---------- Information supplied ----------

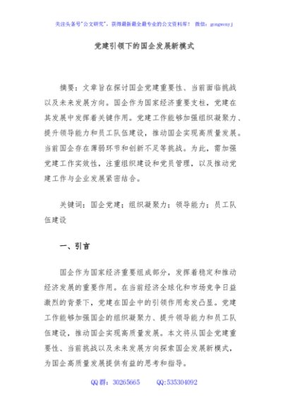 / 党建引领下的国企发展新模式
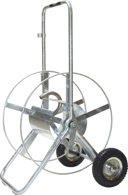 Bęben na wąż ALBA Star, seria 2•niezwykle wytrzymała konstrukcja stalowa •ocynkowany galwanicznie (bez chromu 6) •podwójne łożysko •chroniący wąż bęben z wygodnym, nierdzewnym kolankiem przyłączeniowym – bez zaginania węża •przepływ wody 3/4″ •złącze obrotowe z łożyskami kulkowymi dla łatwego odwijania i nawijania •odporność na ciągłe obciążenie i ciśnienie •bęben na wąż i korba z łożyskiem stalowym •z blokadą bębna •koła PU z obręczami stalowymi Ø 215 mm •podkładki antypoślizgowe chroniące podłogę Dane techniczne: •wymiary wys. x szer. x gł.: 1024 x 603 x 605 mm •ciężar (bez węża): 14 kg •maks. ciśnienie robocze: 25 barów •przyłącze węża 3/4″ gwint zewnętrzny •maks. długość węża: 1/2″ = 120 m; 5/8″ = 100 m; 3/4″ = 80 m; 1″ = 50 m
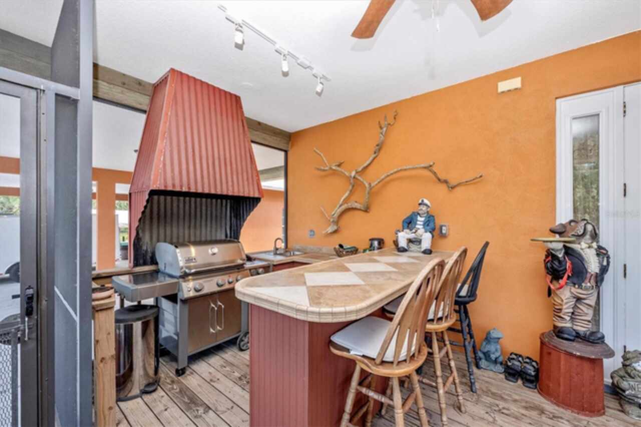 Tucked away just blocks from Historic Dearborn Street and Indian Mound Park, this custom-built masterpiece is a rare find in one of Englewood’s most sought-after neighborhoods zoned for A rated schools. Sitting on over a half-acre of fenced land, you’re minutes from the intracoastal and just 3 miles to the sandy shores of Manasota Beach. Built by a seasoned builder for his personal residence, this home offers the kind of strength and craftsmanship that’s hard to come by—designed to weather Florida’s fiercest storms while still delivering all the comforts of home. Masterfully crafted floors stretch throughout the main living areas, while the kitchen and dining space are an entertainer’s dream—anchored by a double-sided gas fireplace and filled with custom cabinetry, tile countertops, and a warm, open layout that’s both functional and inviting. Step outside to your screened-in porch complete with a full outdoor kitchen, firepit, and private upper-level balcony that captures peaceful views and stunning sunsets. A brand new Generac whole-house generator and a 500-gallon buried propane tank power it all—from the gas range to the fireplace and beyond. And if storage is on your wishlist, you’ll love the massive 1, 260 sq ft detached garage and workshop space—plenty of room for RVs, boats, and everything in between. Whether you’re looking for a forever home, a Florida getaway, or a place to live and work in peace, this one checks all the boxes. Come see it in person to truly appreciate the space, quality, and prime location.

----------

### Problem statement
Restate the listing above word for word and skip each picture.

### Answer area
 / 党建引领下的国企发展新模式
 Bęben na wąż ALBA Star, seria 2•niezwykle wytrzymała konstrukcja stalowa •ocynkowany galwanicznie (bez chromu 6) •podwójne łożysko •chroniący wąż bęben z wygodnym, nierdzewnym kolankiem przyłączeniowym – bez zaginania węża •przepływ wody 3/4″ •złącze obrotowe z łożyskami kulkowymi dla łatwego odwijania i nawijania •odporność na ciągłe obciążenie i ciśnienie •bęben na wąż i korba z łożyskiem stalowym •z blokadą bębna •koła PU z obręczami stalowymi Ø 215 mm •podkładki antypoślizgowe chroniące podłogę Dane techniczne: •wymiary wys. x szer. x gł.: 1024 x 603 x 605 mm •ciężar (bez węża): 14 kg •maks. ciśnienie robocze: 25 barów •przyłącze węża 3/4″ gwint zewnętrzny •maks. długość węża: 1/2″ = 120 m; 5/8″ = 100 m; 3/4″ = 80 m; 1″ = 50 m
 Tucked away just blocks from Historic Dearborn Street and Indian Mound Park, this custom-built masterpiece is a rare find in one of Englewood’s most sought-after neighborhoods zoned for A rated schools. Sitting on over a half-acre of fenced land, you’re minutes from the intracoastal and just 3 miles to the sandy shores of Manasota Beach. Built by a seasoned builder for his personal residence, this home offers the kind of strength and craftsmanship that’s hard to come by—designed to weather Florida’s fiercest storms while still delivering all the comforts of home. Masterfully crafted floors stretch throughout the main living areas, while the kitchen and dining space are an entertainer’s dream—anchored by a double-sided gas fireplace and filled with custom cabinetry, tile countertops, and a warm, open layout that’s both functional and inviting. Step outside to your screened-in porch complete with a full outdoor kitchen, firepit, and private upper-level balcony that captures peaceful views and stunning sunsets. A brand new Generac whole-house generator and a 500-gallon buried propane tank power it all—from the gas range to the fireplace and beyond. And if storage is on your wishlist, you’ll love the massive 1, 260 sq ft detached garage and workshop space—plenty of room for RVs, boats, and everything in between. Whether you’re looking for a forever home, a Florida getaway, or a place to live and work in peace, this one checks all the boxes. Come see it in person to truly appreciate the space, quality, and prime location.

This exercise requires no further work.